Work to complete
Repeat the span of the entries below that starts at the line with "Una limusina GAZ 14 Tchaïka" and ends at the line with "L-istatwa l-qadima tal-Madonna", nothing more. Skip the pictures.

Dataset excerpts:
BEGIN

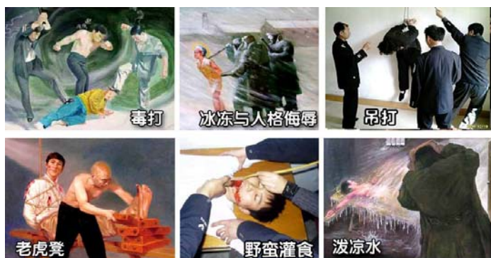
法轮功学员遭受的部分酷刑

名义上“610”是政府下属的一个办公室，可它并不是隶行政府职能的机构，干的是非法限定人身自由、劫持关押公民、指挥公安、安全局监听、监控、秘密绑架法轮功学员，干涉法律公正、强制洗脑、实施暴力、非法入侵民宅、策划恐怖行为、制造谎言、任意胡作非为、自立土政策，执有生杀大权。它既不隶政，建树政绩，它又超越宪法，取代法律，害民害国，是地地道道的非法组织。
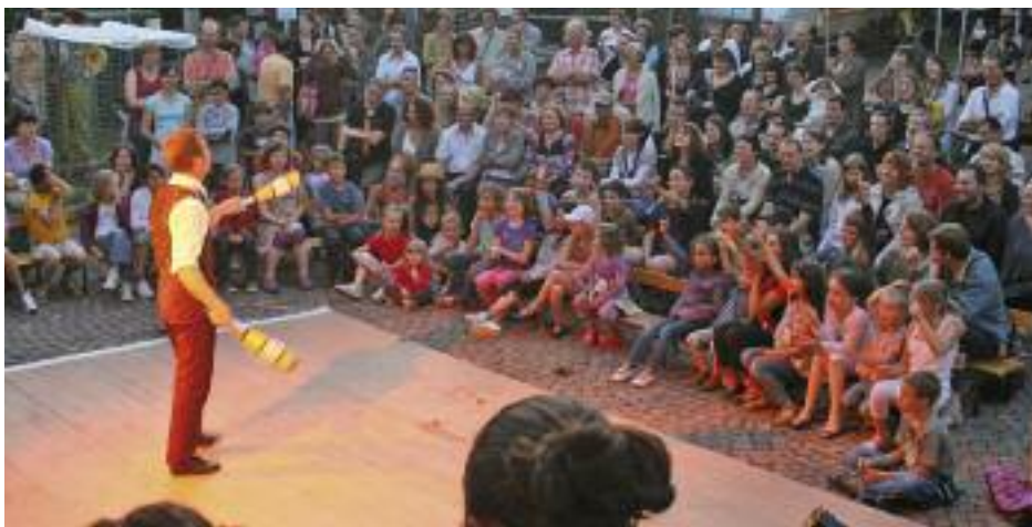
Une manifestation urbaine pour fêter l'an neuf, dans l'esprit des spectacles de rues estivaux
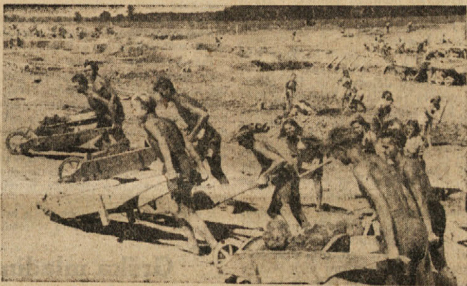
Mladinske brigade na delu

teden. Proslavili ga bomo najbolje na ta način, da bomo v celoti izpolnili tekmovalne obveze in jih tudi prekoračili.
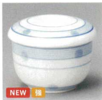
NEW 18004-558 ダミライン丸型むし碗 1,220円 60入 (7.4×6.8cm・150cc)
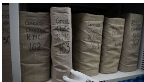
Problemy archiwistyki i edytorstwa źródeł historycznych XX wieku - Lublin, 15 czerwca 2023.
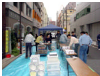
当日朝の準備風景

今回の交流会は、神田にあるCOMS HOUSE(東松下町) 桜ハウス(東松下町) クレアル神田(須田町) KTハウス(司町)(仮称)コーポラティブハウス西神田(西神田)の入居者・入居予定者で 居住者同士の交流を図る。 交流会の開催される町会の皆さん(所有・賃貸を問わずマンシ
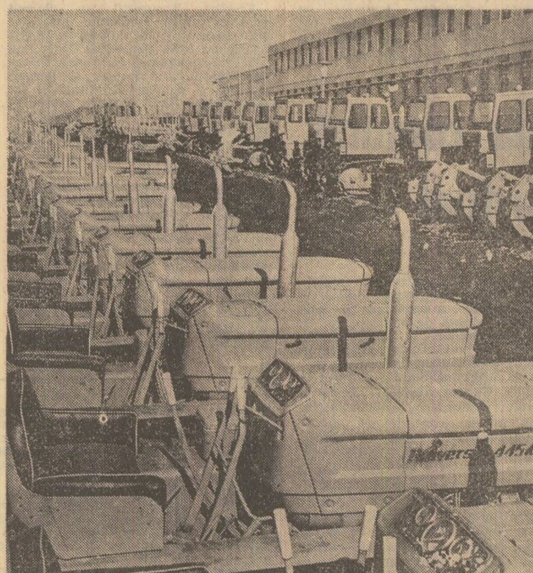
Întreprinderea de tractoare din Miercurea Ciuc: un nou lot de produse — înainte de a fi expedit beneficiarilor

leț tovarășului Nicolae Ceaușescu, secretar general al Partidului Comunist Român, președintele Republicii Socialiste România, de către Comitetul județean Suceava al P.C.R. se arată, între altele: Vă asigurăm și cu acest prilej, mult stimată și iubite tovarășe Nicolae Ceaușescu, că oamenii muncii din agricultura suceveană vor face, în continuare, dovada hărniciei și priceperii lor, sporindu-și tot mai mult contribuția la propășirea scumpei noastre patrii, Republica Socialistă România.
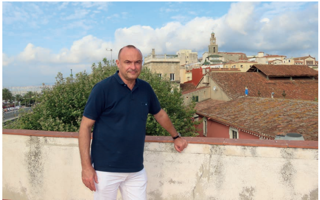
▲ El batlle, fotografiat al terrat de l’Ajuntament el 28 d’agost. DOMÈNEC CANO

La pandèmia de la COVID-19 va esclatar el març passat, al cap de nou mesos d’iniciar-se el mandat. Com ha impactat en el funcionament de l’Ajuntament? Hem hagut d’introduir molts canvis en les prioritats per fer front a les conseqüències socials i econòmiques d’aquesta crisi sanitària. També ha comportat un treball molt intens per adequar el funcionament de l’Ajuntament, en molts àmbits. Es pot citar l’adaptació del personal
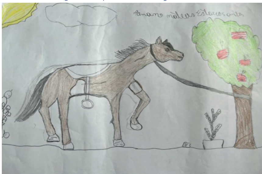
Figura 5: Desenho representativo de um cavalo, macieira e tomateiro, elementos do cotidiano e imaginário (macieira) dos alunos (resultado da última atividade realizada). Comunidade remanescente quilombola Tabuleiro dos Negros, município de Penedo, Alagoas. 2024.
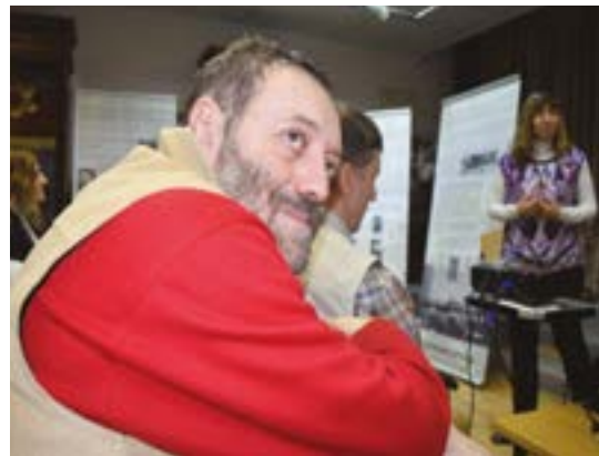
Открытие выставки состоялось в Киевском Музее Шолом-Алейхема
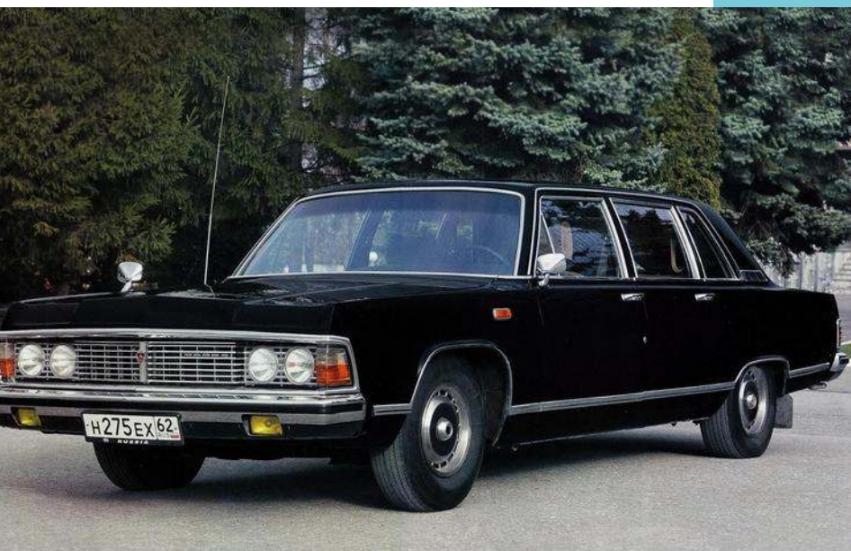
Una limusina GAZ 14 Tchaïka

(Courrier International, 7 al 13 de marzo de 2024)
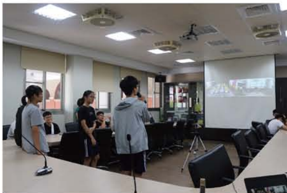
學生分組上前提問
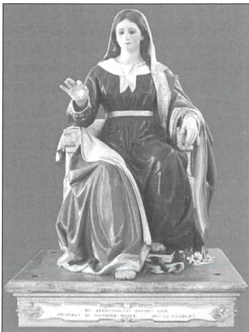
L-istatwa l-qadima tal-Madonna tad-Duttrina li illum tinsab fil-Knisja l-Qadima ta' Birkirkara

Din id-deliberazzjoni Kapitulari tindika żewġ affarijiet. L-ewwel nett li din il-festa kienet diġà qiegħda ssir fil-bidu tas-snin tletin tas-Seklu Dsatax. It-tieni jidher li din il-festa kienet qiegħda tgawdi ċerta popolarità biex giet elevata għall-festi Prepositali. Għall-istorja nixtiequ nżidu li l-festa tal-Madonna tad-Duttrina baqgħet festa Prepositali sal-1996. 63
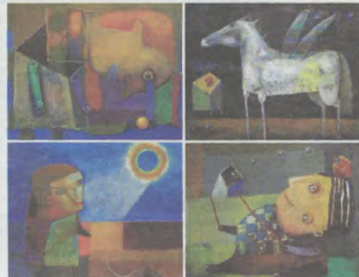
Obrazy Kuby Chomickiego
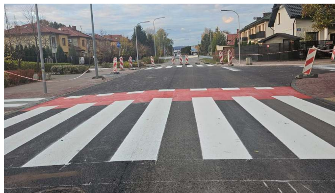
Wyniesione Skrzyżowanie wraz z oświetleniem w ul. Wolności z ul. Piotra Skargi
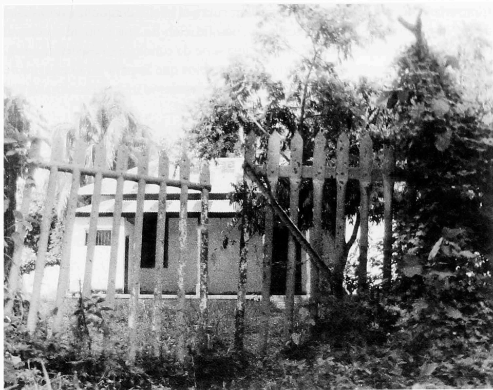
Portería de la Estación. Fotografía tomada en 1998, archivo Hernando Ávila Venegas, Centro de Historia de San Sebastián de Mariquita.

do ahora sería parte de la solución a problemas como la ausencia de vías multifuncionales de comunicación —y por ende la dependencia del transporte terrestre— e infraestructura que exige el proceso de integración económica a la globalización.
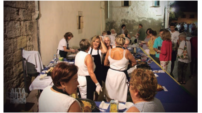
Festa de les Cultures. Plats que apropen cultures a aquells que són benvinguts a una vila oberta al món
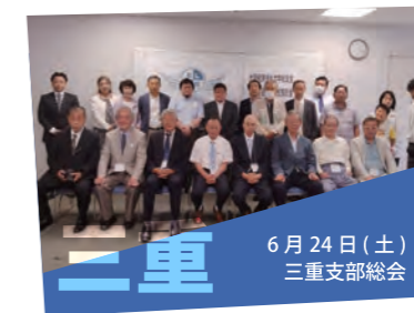
6月24日（土） 三重支部総会
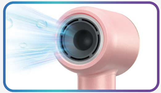
Plasma-Technologie – bis zu 500 Mio. Ionen Reduziert Frizz und statische Aufladung der Haare
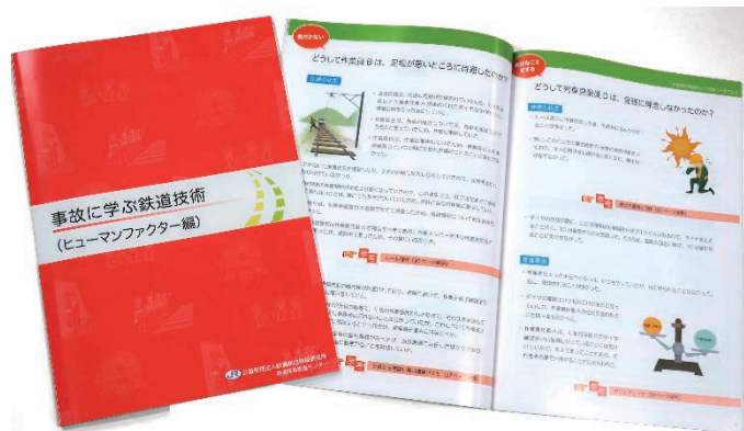
事故に学ぶ鉄道技術 ヒューマンファクター編
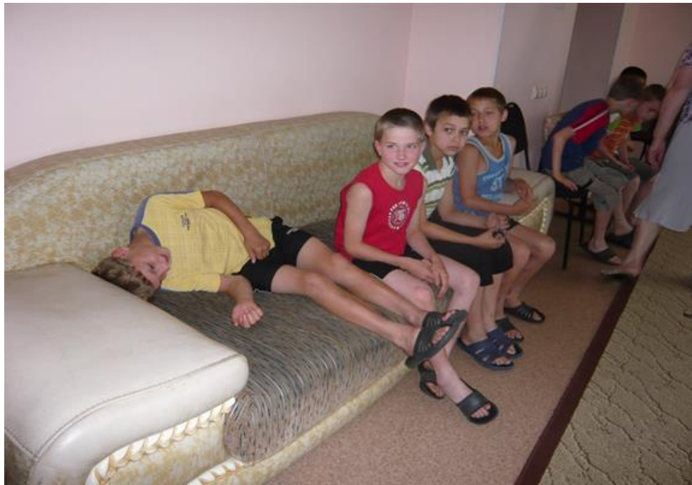
В детском приюте...

Остается добавить, что в 2016 году все мероприятия проходят в рамках Года пожарной охраны в МЧС России.
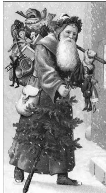
Képeslap a Zempléni Múzeum gyűjteményéből.
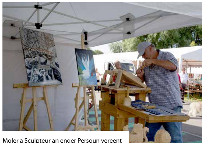
Moler a Sculpteur an enger Persoun vereent
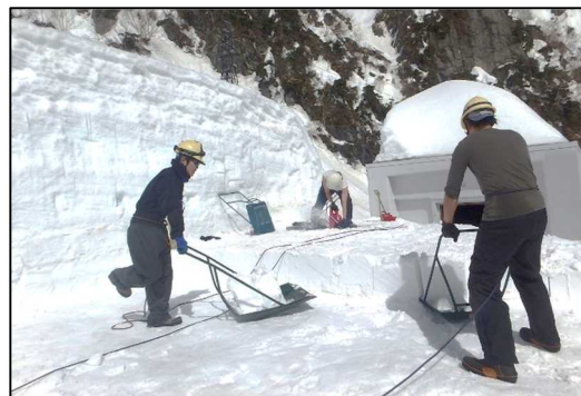
右：新たなスノーレジャー企画が進行中！
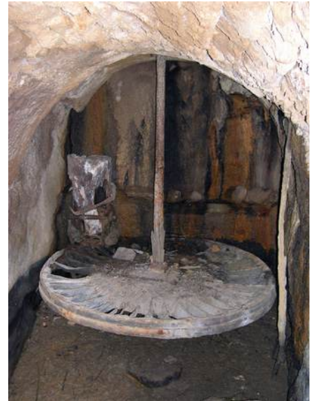
Ilustración 3: Poderosa fachada del molino de la Canal, en Huesa del Común, y su cárcavo y rodete.

- Ángel, tu que has sido cliente de los molinos, ¿Supongo que si había agua en los todos los molinos la gente preferiría ir al molino de la Canal, que estaba más cerca de Huesa?

END

Exercise output
Una limusina GAZ 14 Tchaïka

(Courrier International, 7 al 13 de marzo de 2024)
學生分組上前提問
L-istatwa l-qadima tal-Madonna tad-Duttrina li illum tinsab fil-Knisja l-Qadima ta' Birkirkara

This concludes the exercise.